Her jaw tenses. ‘How can you tell?’

‘He leaves an impression.’

He doesn’t know how right he is. She can still feel Tristram’s fingers digging into her arm. And she would never tell Morgan that Tristram has left an impression on him, too. In moments like this, when Morgan’s dark eyes narrow, and his jaw clenches — when the full lips tighten, and the loose smile disappears — he is Tristram’s son.

Ophelia looks away. ‘I’ve been running errands, too.’

There’s a pause, and she wonders if he knows. She so badly wants to talk to him, not just about Tristram but about everything, all the things they used to talk about that have vanished in recent years. She wants to be tucked in next to him in one of their childhood hiding spots, telling stories, telling secrets. She knows it’s impossible, and her meal suddenly feels heavy in her stomach. She pushes her bowl away.

Then Morgan says, ‘What word describes Caleb?’

She smiles, relieved. ‘Lazy?’

‘Well, that’s a given.’ Morgan nudges Caleb with his foot. ‘You’re indolent, aren’t you?’
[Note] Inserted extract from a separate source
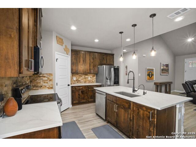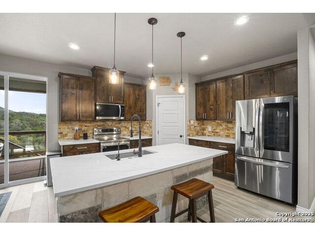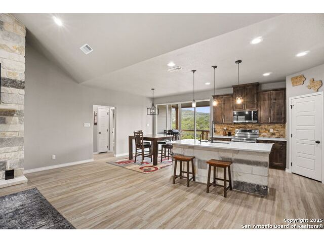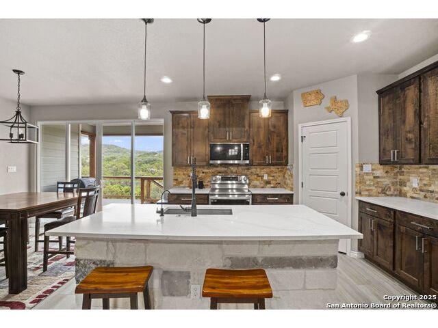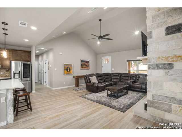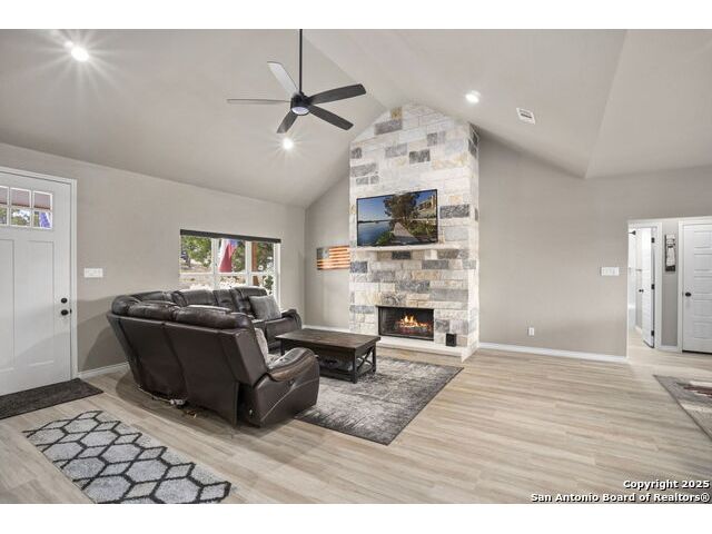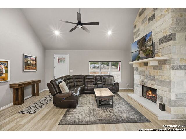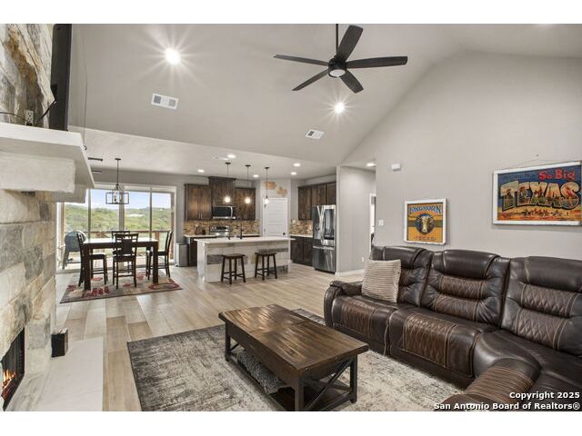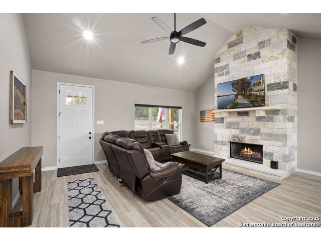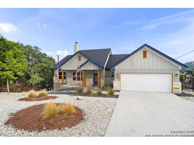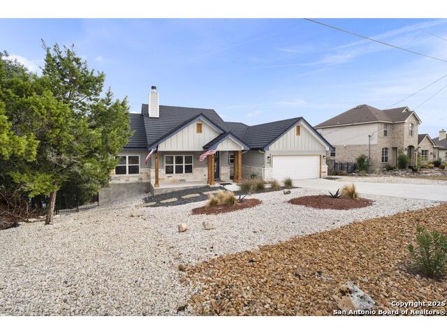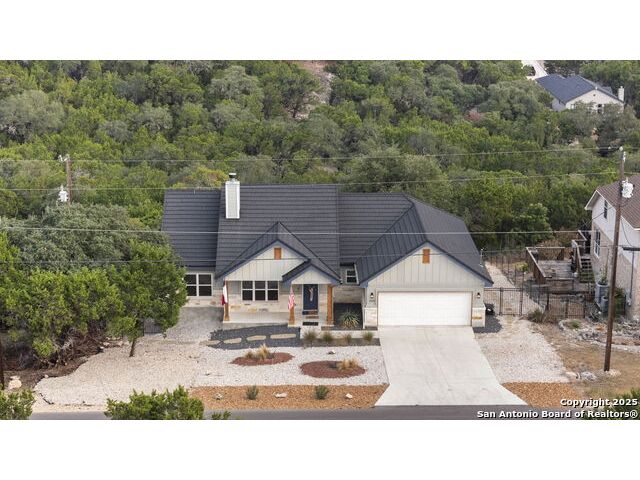 Sellers are offering closing cost assistance with acceptable offers, and the lender is also providing a 1% lender credit toward closing costs - making this beautiful home an even greater value! Experience Hill Country living at its best at 295 Delanoy Dr, a beautifully maintained 3-bedroom, 2-bath home set on an expansive 0.842-acre lot with elevated views and exceptional privacy. The home features a premium Decra Shake Charcoal stone-coated steel roof, offering the durability of steel with the appearance of high-end shake roofing. Step inside to a bright, open floor plan highlighted by vaulted ceilings and a wood-burning fireplace that anchors the living area. Large windows draw in natural light and capture the surrounding landscape. The kitchen and dining spaces flow seamlessly, making the home ideal for both everyday living and entertaining. The exterior is designed for low-maintenance enjoyment, featuring zero-scape landscaping, mature trees, and an inviting outdoor fire pit perfect for evenings overlooking the Hill Country. The generous yard offers space to add additional outdoor living or recreation areas if desired. The primary suite includes a spacious bathroom with a walk-in shower and freestanding tub, while the additional bedrooms provide flexibility for guests, an office, or family needs. The home also includes an owned water softener, reverse osmosis system, and thoughtful interior upgrades. Located just minutes from Canyon Lake, Whitewater Amphitheater, Horseshoe tubing, and within an easy drive of Wimberley, Gruene Hall, and local dining and grocery options, this home combines convenience with the tranquility of the Hill Country. A rare opportunity to own a move-in ready property with views, privacy, and standout upgrades in one of Canyon Lake's most desirable areas.

Ophelia rolls the word around silently in her mouth. Indolent reminds her of insouciant, both giving her the sense of relaxation, of being slack in body and mind.

‘I think he’s loafing,’ Morgan says. ‘He is, in fact, a loaf.’

She grins. ‘Like bread?’

‘Exactly like bread.’ Morgan raises his chin, sniffs the air. ‘Except bread smells far better.’

She laughs, and it lifts her up, but only for a moment. They’re both almost thirty now, and for most of the past decade she has kept things from him, things he would never forgive if he knew about them. She has never lied to Morgan, because he has no idea about Tristram and what she does for him, and so he would never know what to ask.

But he must know something. He must know that she does things for Tristram that she’s not meant to do. That she contacts Siobhan whenever Tristram wants, for whatever petty reason, just so Tristram can maintain his hold over the wraith.

Then again, if Morgan knew, if he had even the slightest suspicion about what she does with Tristram, he wouldn’t be here with her now, talking and laughing. He wouldn’t be making sure there was food left for her at the end of a long and gruelling day. If he knew the truth — that for all these years she’s been bringing Morgan’s mother back from the Otherworld against her will — he’d never speak to her again.